Begin at the line below that holds "NatureWise Ashwagandha for" and end at the line that holds "Portable throws shade", transcribing each line exactly and skipping any picture.

## Provided records
========================================================================
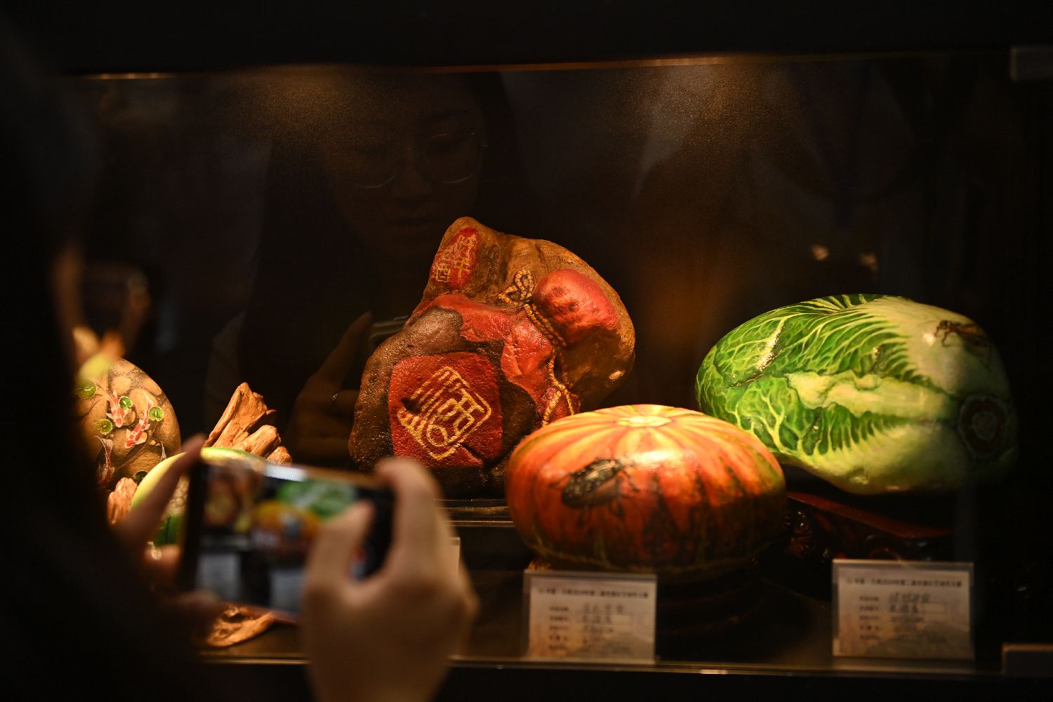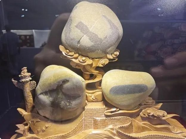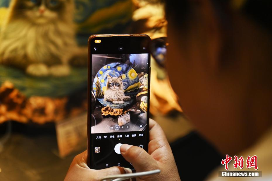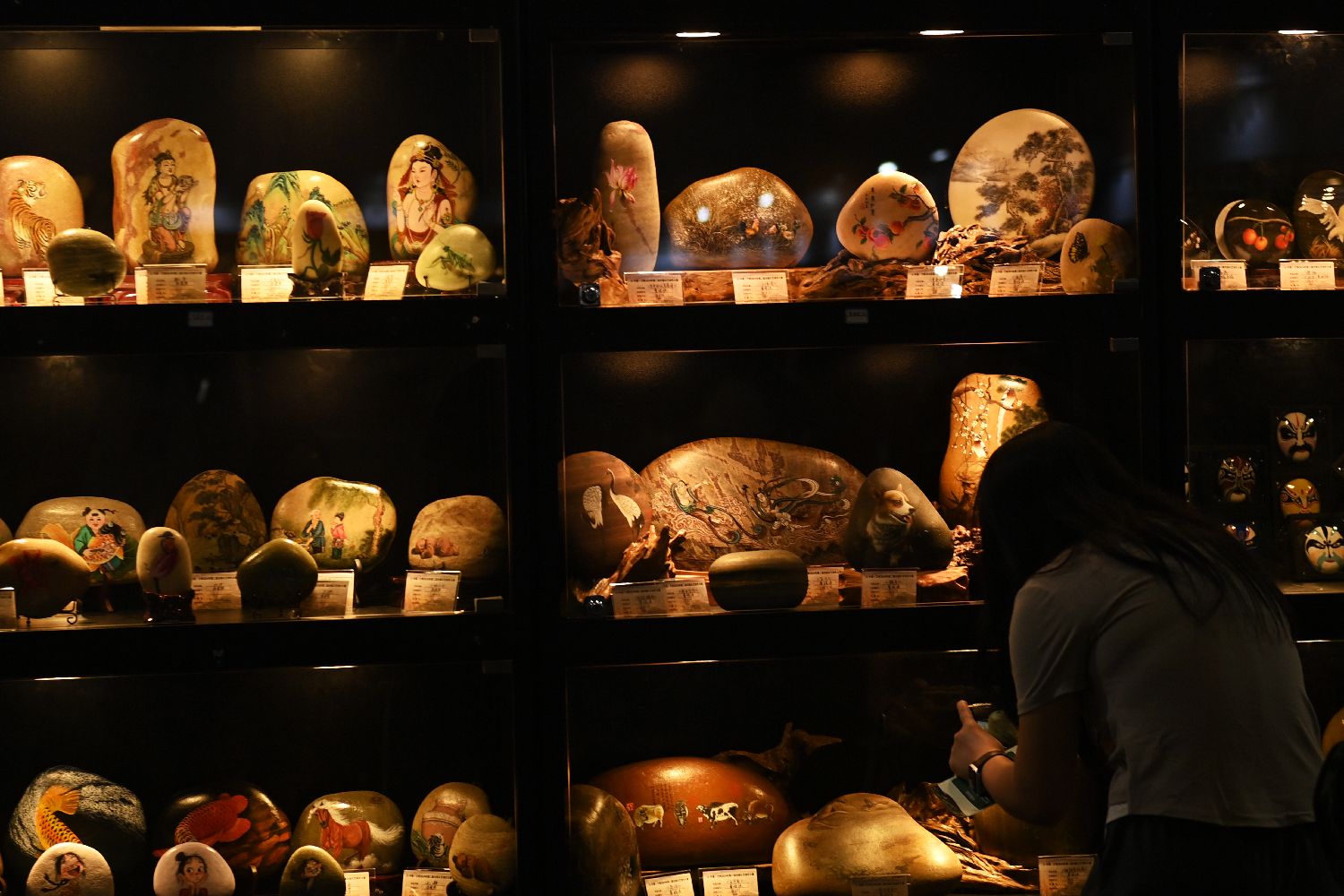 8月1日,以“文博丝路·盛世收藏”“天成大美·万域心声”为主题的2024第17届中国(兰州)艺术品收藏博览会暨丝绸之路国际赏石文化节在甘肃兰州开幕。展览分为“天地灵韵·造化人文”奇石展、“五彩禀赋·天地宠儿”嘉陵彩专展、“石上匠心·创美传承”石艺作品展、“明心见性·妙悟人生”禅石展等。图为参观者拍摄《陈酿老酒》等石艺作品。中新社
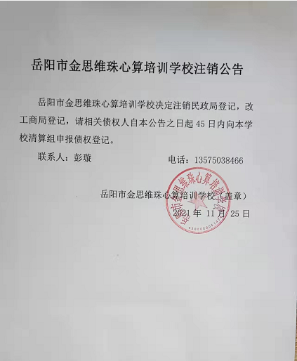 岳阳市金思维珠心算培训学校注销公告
========================================================================
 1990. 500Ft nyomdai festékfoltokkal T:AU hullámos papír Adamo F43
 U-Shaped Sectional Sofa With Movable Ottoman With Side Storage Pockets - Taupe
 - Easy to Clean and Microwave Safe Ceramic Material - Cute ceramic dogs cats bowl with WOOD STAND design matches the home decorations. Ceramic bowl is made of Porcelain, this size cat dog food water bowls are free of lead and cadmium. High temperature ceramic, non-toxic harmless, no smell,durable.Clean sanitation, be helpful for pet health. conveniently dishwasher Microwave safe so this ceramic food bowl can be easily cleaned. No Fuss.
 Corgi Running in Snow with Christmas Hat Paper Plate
========================================================================
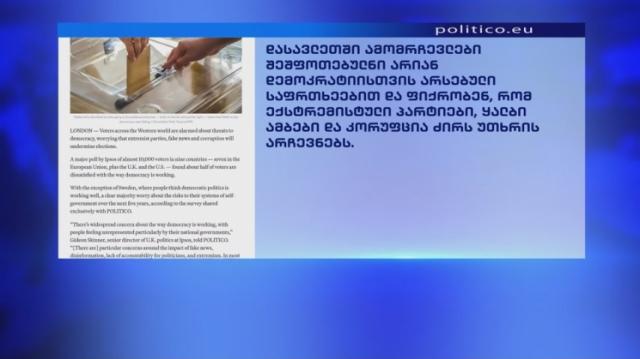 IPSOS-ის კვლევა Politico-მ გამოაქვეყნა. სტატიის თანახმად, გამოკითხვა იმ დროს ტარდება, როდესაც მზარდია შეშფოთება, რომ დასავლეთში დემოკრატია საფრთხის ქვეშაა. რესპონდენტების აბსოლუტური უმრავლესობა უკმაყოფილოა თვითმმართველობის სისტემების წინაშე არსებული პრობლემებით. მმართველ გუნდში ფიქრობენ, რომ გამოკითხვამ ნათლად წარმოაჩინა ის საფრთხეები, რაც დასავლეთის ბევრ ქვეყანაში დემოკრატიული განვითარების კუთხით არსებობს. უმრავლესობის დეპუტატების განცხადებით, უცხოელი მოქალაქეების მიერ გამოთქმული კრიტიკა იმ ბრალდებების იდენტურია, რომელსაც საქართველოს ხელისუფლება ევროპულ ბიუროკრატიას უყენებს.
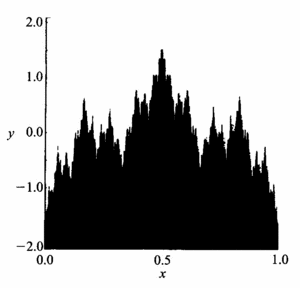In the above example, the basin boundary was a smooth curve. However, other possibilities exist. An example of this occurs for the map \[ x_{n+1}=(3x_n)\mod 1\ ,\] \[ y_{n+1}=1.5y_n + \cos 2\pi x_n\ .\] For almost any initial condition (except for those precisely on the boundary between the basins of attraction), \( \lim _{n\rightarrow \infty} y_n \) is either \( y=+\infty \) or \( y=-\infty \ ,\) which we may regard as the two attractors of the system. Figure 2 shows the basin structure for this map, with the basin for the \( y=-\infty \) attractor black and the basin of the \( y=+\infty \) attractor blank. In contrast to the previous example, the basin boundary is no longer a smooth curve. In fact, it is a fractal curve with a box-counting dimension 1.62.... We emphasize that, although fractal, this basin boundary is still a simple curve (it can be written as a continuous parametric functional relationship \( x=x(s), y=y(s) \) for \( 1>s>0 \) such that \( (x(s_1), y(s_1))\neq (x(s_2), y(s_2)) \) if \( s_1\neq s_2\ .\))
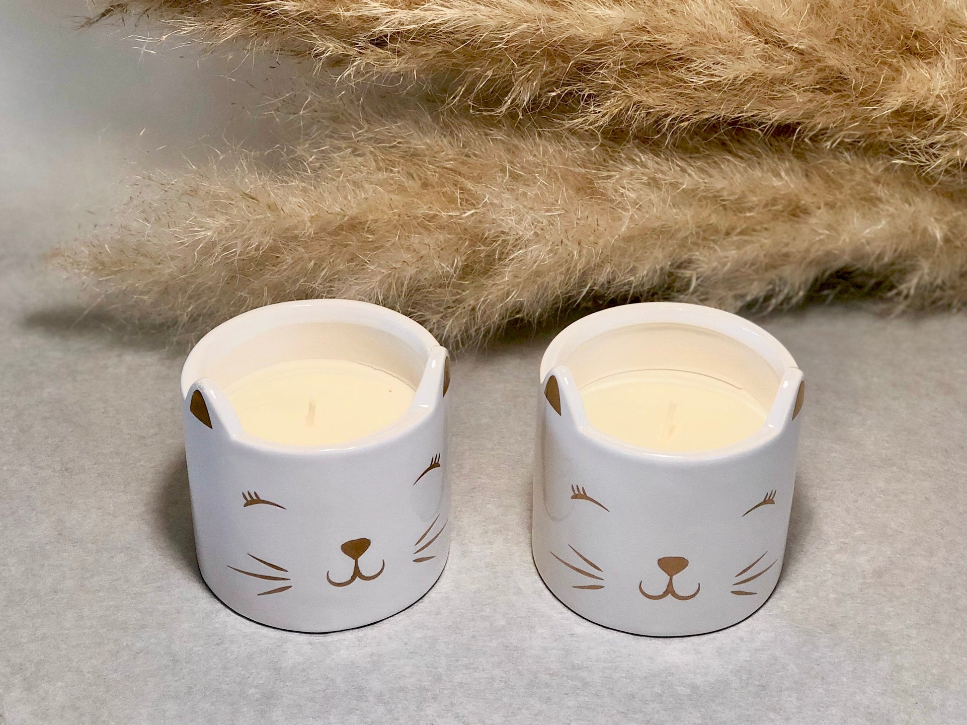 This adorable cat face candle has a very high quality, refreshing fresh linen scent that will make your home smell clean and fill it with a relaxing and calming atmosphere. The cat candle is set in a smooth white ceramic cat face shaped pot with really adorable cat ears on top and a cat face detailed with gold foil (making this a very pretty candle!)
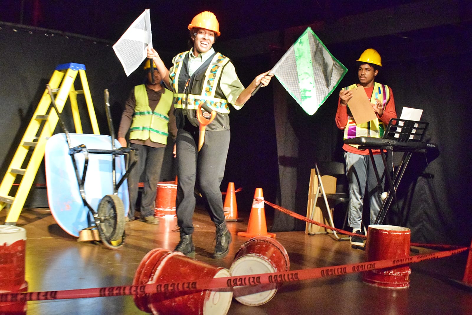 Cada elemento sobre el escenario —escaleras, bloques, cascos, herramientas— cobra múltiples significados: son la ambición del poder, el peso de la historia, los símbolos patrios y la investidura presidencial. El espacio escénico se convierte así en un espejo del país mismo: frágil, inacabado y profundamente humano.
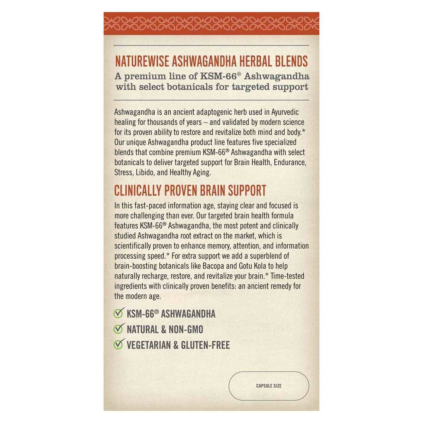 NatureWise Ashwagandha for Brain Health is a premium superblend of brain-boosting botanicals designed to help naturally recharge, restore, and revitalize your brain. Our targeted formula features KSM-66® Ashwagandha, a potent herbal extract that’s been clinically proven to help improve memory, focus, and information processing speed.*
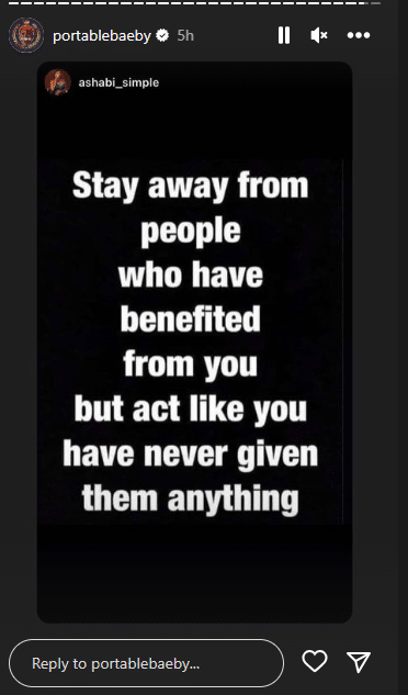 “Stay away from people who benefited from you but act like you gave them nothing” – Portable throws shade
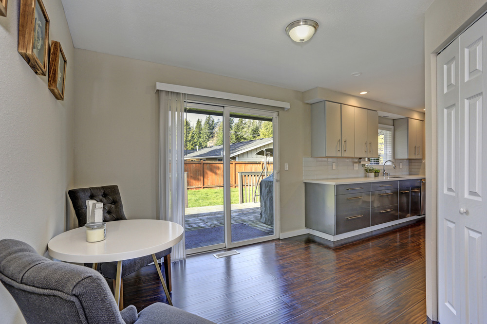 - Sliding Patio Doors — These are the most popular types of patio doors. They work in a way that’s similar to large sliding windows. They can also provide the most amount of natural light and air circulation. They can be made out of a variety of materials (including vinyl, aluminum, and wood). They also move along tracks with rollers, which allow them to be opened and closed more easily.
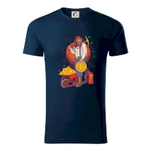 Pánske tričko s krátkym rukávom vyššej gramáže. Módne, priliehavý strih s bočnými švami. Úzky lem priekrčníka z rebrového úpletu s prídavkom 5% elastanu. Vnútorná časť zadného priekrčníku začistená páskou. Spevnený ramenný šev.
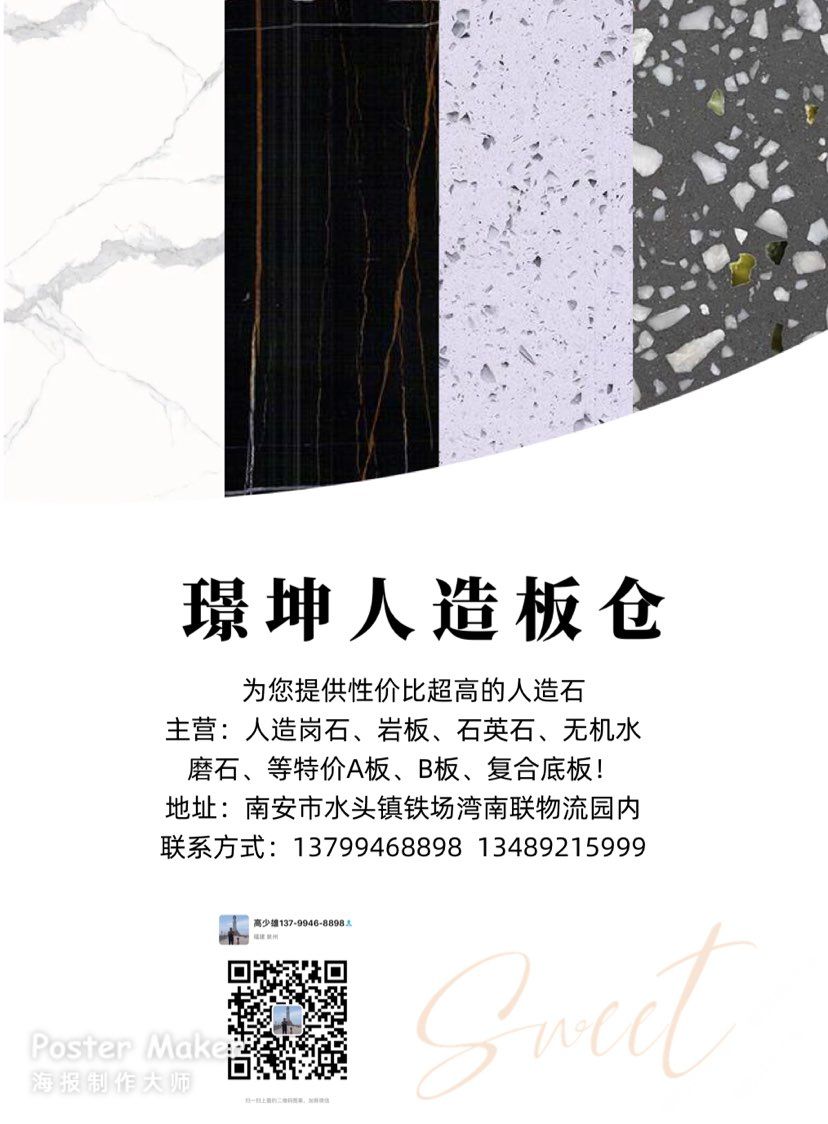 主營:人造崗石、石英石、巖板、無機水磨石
========================================================================
## Response to this exercise
 NatureWise Ashwagandha for Brain Health is a premium superblend of brain-boosting botanicals designed to help naturally recharge, restore, and revitalize your brain. Our targeted formula features KSM-66® Ashwagandha, a potent herbal extract that’s been clinically proven to help improve memory, focus, and information processing speed.*
 “Stay away from people who benefited from you but act like you gave them nothing” – Portable throws shade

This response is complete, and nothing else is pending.